SUPPLIED MATERIAL:
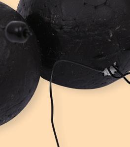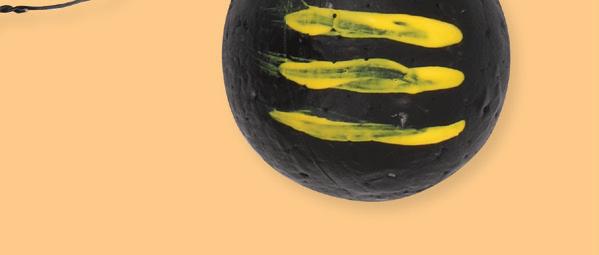 7. Cut a 15cm length of black wire. Thread a bead onto each end, twisting the wire around itself to secure each bead. Fold the wire in half and twist the folded end. Push this into the top of a decofoam ball on one end, towards the front. These are the Ant’s antennae.
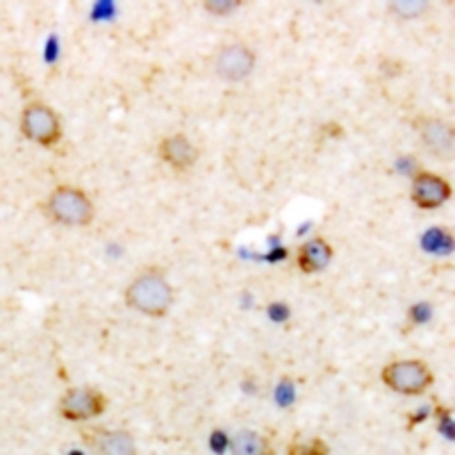 Immunohistochemical staining of human brain tissue sections was performed using IL-22 Rabbit Polyclonal Antibody(ARA6817).
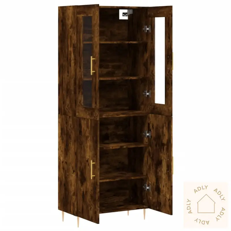 Slitesterkt materiale: Highboardet er laget av konstruert tre av høy kvalitet, kjent for sin glatte finish og styrke. Materialet gir ikke bare stabilitet, men gjør også møbelet motstandsdyktig mot fuktighet – ideelt både i stue og andre rom der slitestyrke er viktig.God lagringsplass: Med smarte skap og hyller får du rikelig med plass til å organisere alt fra servise og bøker til mindre hverdagsartikler. Du får orden på tingene samtidig som det gir hjemmet et ryddig inntrykk.Praktiske dører: Oppbevar småting skjult bak dørene, og hold rommet pent og oversiktlig. De skjulte løsninger gjør det lett å holde orden uten synlig rot.Metallføtter: De robuste metallføttene understreker et kult og moderne uttrykk, samtidig som de gir ekstra stabilitet til hele highboardet. Perfekt for deg som vil investere i holdbare møbler.Advarsel:

WORK ORDER: Please write out all of the data verbatim, with no pictures in the copy.

EXERCISE ANSWER:
 7. Cut a 15cm length of black wire. Thread a bead onto each end, twisting the wire around itself to secure each bead. Fold the wire in half and twist the folded end. Push this into the top of a decofoam ball on one end, towards the front. These are the Ant’s antennae.
 Immunohistochemical staining of human brain tissue sections was performed using IL-22 Rabbit Polyclonal Antibody(ARA6817).
 Slitesterkt materiale: Highboardet er laget av konstruert tre av høy kvalitet, kjent for sin glatte finish og styrke. Materialet gir ikke bare stabilitet, men gjør også møbelet motstandsdyktig mot fuktighet – ideelt både i stue og andre rom der slitestyrke er viktig.God lagringsplass: Med smarte skap og hyller får du rikelig med plass til å organisere alt fra servise og bøker til mindre hverdagsartikler. Du får orden på tingene samtidig som det gir hjemmet et ryddig inntrykk.Praktiske dører: Oppbevar småting skjult bak dørene, og hold rommet pent og oversiktlig. De skjulte løsninger gjør det lett å holde orden uten synlig rot.Metallføtter: De robuste metallføttene understreker et kult og moderne uttrykk, samtidig som de gir ekstra stabilitet til hele highboardet. Perfekt for deg som vil investere i holdbare møbler.Advarsel:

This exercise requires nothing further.